## Your task
No pictures belong in the copy. Retype exactly, and only, the stretch of lines below from the one with "Wenz-Viëtor- Die Weihnachtsengelein." through the one with "에일리, 최시훈 예비신랑 루머에 눈물… 김창옥쇼3에서 직접 밝힌 진심".

## Data shown
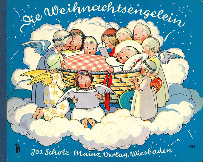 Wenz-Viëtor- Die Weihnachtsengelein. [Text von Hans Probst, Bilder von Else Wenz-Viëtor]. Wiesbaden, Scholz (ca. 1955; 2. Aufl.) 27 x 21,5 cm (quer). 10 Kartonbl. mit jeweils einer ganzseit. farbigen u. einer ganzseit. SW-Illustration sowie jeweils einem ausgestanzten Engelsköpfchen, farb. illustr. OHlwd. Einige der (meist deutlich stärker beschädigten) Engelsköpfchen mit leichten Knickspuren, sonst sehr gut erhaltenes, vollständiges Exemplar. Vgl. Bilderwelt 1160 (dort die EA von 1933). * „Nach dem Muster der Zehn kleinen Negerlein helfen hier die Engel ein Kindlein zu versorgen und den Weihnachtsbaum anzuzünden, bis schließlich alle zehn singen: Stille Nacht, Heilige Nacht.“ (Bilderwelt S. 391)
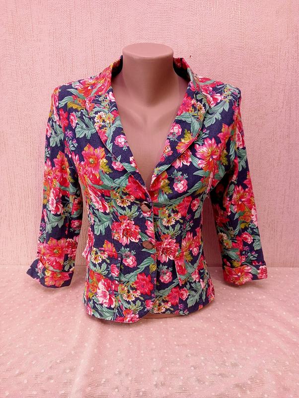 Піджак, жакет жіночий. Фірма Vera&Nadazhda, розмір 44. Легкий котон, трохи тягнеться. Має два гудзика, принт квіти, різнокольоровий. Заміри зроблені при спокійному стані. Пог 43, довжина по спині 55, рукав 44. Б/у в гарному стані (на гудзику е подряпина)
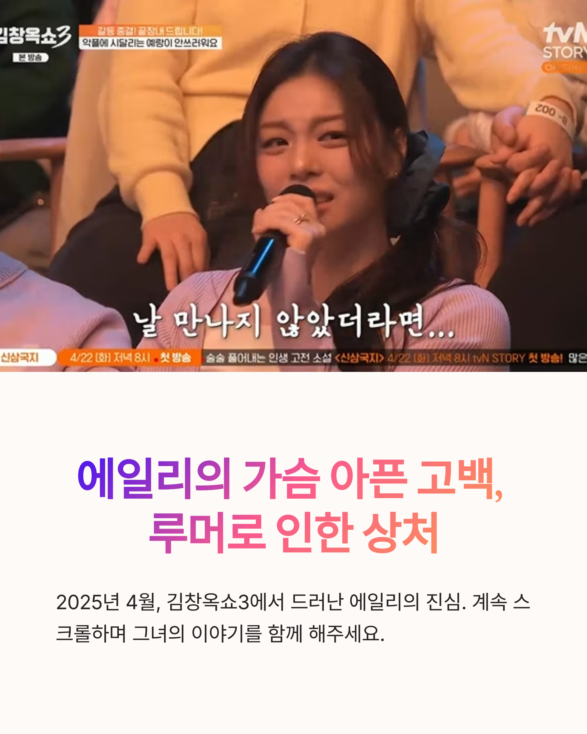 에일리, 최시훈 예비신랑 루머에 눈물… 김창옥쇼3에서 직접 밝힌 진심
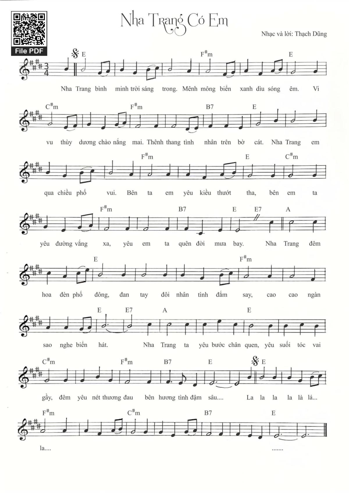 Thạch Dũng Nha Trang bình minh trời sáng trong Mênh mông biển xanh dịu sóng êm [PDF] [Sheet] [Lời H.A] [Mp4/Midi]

--

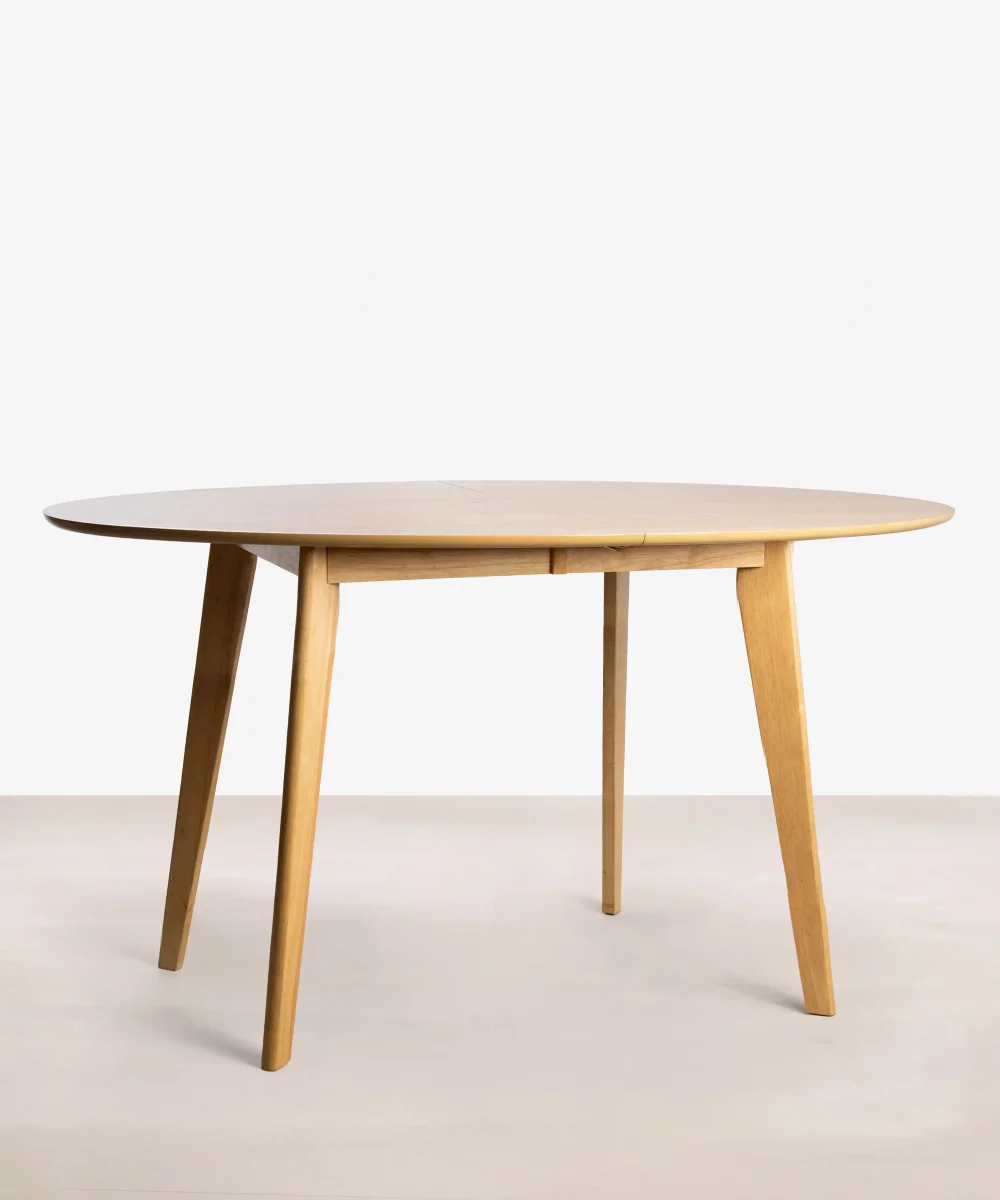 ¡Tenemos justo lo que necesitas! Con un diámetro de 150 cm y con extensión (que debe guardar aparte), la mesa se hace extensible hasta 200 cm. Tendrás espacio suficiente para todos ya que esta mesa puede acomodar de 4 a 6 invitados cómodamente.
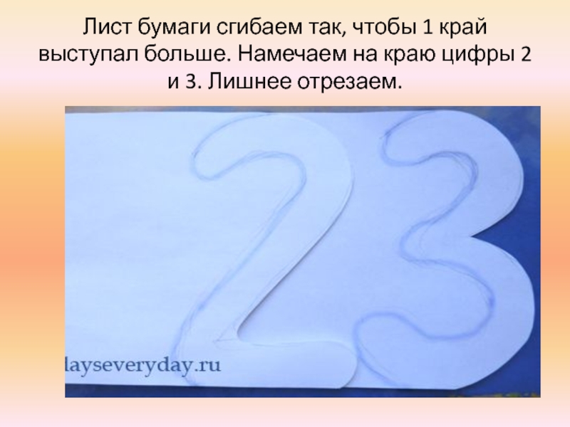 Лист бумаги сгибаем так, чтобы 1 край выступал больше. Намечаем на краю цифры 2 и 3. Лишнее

## Output below
 Wenz-Viëtor- Die Weihnachtsengelein. [Text von Hans Probst, Bilder von Else Wenz-Viëtor]. Wiesbaden, Scholz (ca. 1955; 2. Aufl.) 27 x 21,5 cm (quer). 10 Kartonbl. mit jeweils einer ganzseit. farbigen u. einer ganzseit. SW-Illustration sowie jeweils einem ausgestanzten Engelsköpfchen, farb. illustr. OHlwd. Einige der (meist deutlich stärker beschädigten) Engelsköpfchen mit leichten Knickspuren, sonst sehr gut erhaltenes, vollständiges Exemplar. Vgl. Bilderwelt 1160 (dort die EA von 1933). * „Nach dem Muster der Zehn kleinen Negerlein helfen hier die Engel ein Kindlein zu versorgen und den Weihnachtsbaum anzuzünden, bis schließlich alle zehn singen: Stille Nacht, Heilige Nacht.“ (Bilderwelt S. 391)
 Піджак, жакет жіночий. Фірма Vera&Nadazhda, розмір 44. Легкий котон, трохи тягнеться. Має два гудзика, принт квіти, різнокольоровий. Заміри зроблені при спокійному стані. Пог 43, довжина по спині 55, рукав 44. Б/у в гарному стані (на гудзику е подряпина)
 에일리, 최시훈 예비신랑 루머에 눈물… 김창옥쇼3에서 직접 밝힌 진심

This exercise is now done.